By Linda Conlin, Pro to Pro Managing Editor

ChatGPT has gained considerable popularity and is becoming an increasingly common way for people to seek information of all kinds online. Currently, numerous studies are verifying the capabilities and possible applications of this chatbot, but at the moment, the reliability of the information provided by ChatGPT still needs to be validated. Researchers at Wills Eye Hospital and Thomas Jefferson University, Philadelphia, PA wanted to verify the information provided by ChatGPT in the in the field of ophthalmology, with respect to certain topics. (Cappellani, F., Card, K.R., Shields, C.L. et al. Reliability and accuracy of artificial intelligence ChatGPT in providing information on ophthalmic diseases and management to patients. Eye (2024).)
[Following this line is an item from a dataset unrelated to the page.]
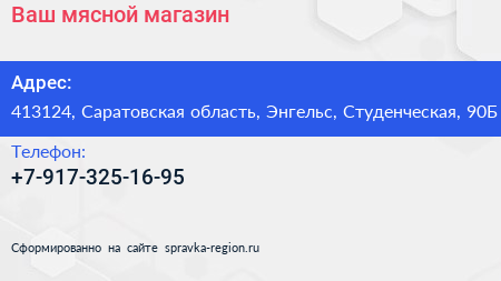 Ваш мясной, магазин по адресу 413124, Саратовская область, Энгельс, Студенческая, 90Б в дальнейшем Организация, размещена в следующих категориях:

Five diseases from 8 subspecialties of Ophthalmology were assessed by ChatGPT version 3.5: General, Anterior segment and Cornea, Glaucoma, Neuro-ophthalmology, Ocular Oncology, Pediatric ophthalmology, Oculoplastics, and Retina and Uveitis. Three questions were asked to ChatGPT for each disease: what is (the disease)?; how is (it) diagnosed?; how is (it) treated? (‘it’ is substituted here for the name of the disease). Responses were graded by comparing them to the American Academy of Ophthalmology (AAO) guidelines for patients, with scores ranging from −3 (unvalidated and potentially harmful to a patient’s health or well-being if they pursue such a suggestion) to 2 (correct and complete). For each subspecialty, the 5 most common diseases available in the American Academy of Ophthalmology (AAO) section “For public & patients – Eye health A-Z” were selected.
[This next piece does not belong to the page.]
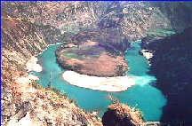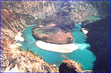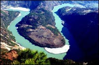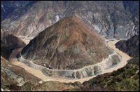 右圖:迪慶德欽縣奔子欄鄉境內平靜舒緩的金沙江拐彎處

Of the 120 questions processed by ChatGPT, 93 (77.5%) scored ≥1 meaning they were graded as “Good” or better, indicating the presence of at least some of the correct information provided by AAO and the absence of any incorrect information or recommendations that would cause harm to the patient’s health or well-being should they pursue such a suggestion. There were 27 (22.5%) answers with a score ≤ −1, meaning that they were graded as “Bad” or worse. Among these, 9 (7.5%) obtained a score of −3 or “Potentially dangerous”, indicating a suggestion that includes unvalidated information that may cause unnecessary harm to a patient.
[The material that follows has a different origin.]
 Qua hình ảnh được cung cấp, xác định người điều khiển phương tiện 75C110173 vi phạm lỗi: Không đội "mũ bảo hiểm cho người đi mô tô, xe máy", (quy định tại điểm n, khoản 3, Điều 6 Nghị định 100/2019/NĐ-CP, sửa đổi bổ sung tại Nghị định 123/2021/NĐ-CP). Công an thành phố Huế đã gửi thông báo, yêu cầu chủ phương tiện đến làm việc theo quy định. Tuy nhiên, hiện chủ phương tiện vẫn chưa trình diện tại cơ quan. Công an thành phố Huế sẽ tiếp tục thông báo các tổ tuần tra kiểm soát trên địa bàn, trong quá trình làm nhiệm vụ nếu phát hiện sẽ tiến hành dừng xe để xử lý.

The answers were all optimal in the General category, but the results from the other subspecialty categories were variable. The greatest number of potentially harmful responses was found in Ocular Oncology. This study shows that overall, there is nearly a 1 in 4 chance someone would receive inaccurate information. The researchers concluded that it is increasingly likely that people will utilize ChatGPT to ask medical questions, but the quality of the answers is uncertain. While the program has some utility in patient education, currently it must be combined human medical supervision. As ECPs, we must be aware of sources our patients use for information and be prepared to properly educate them.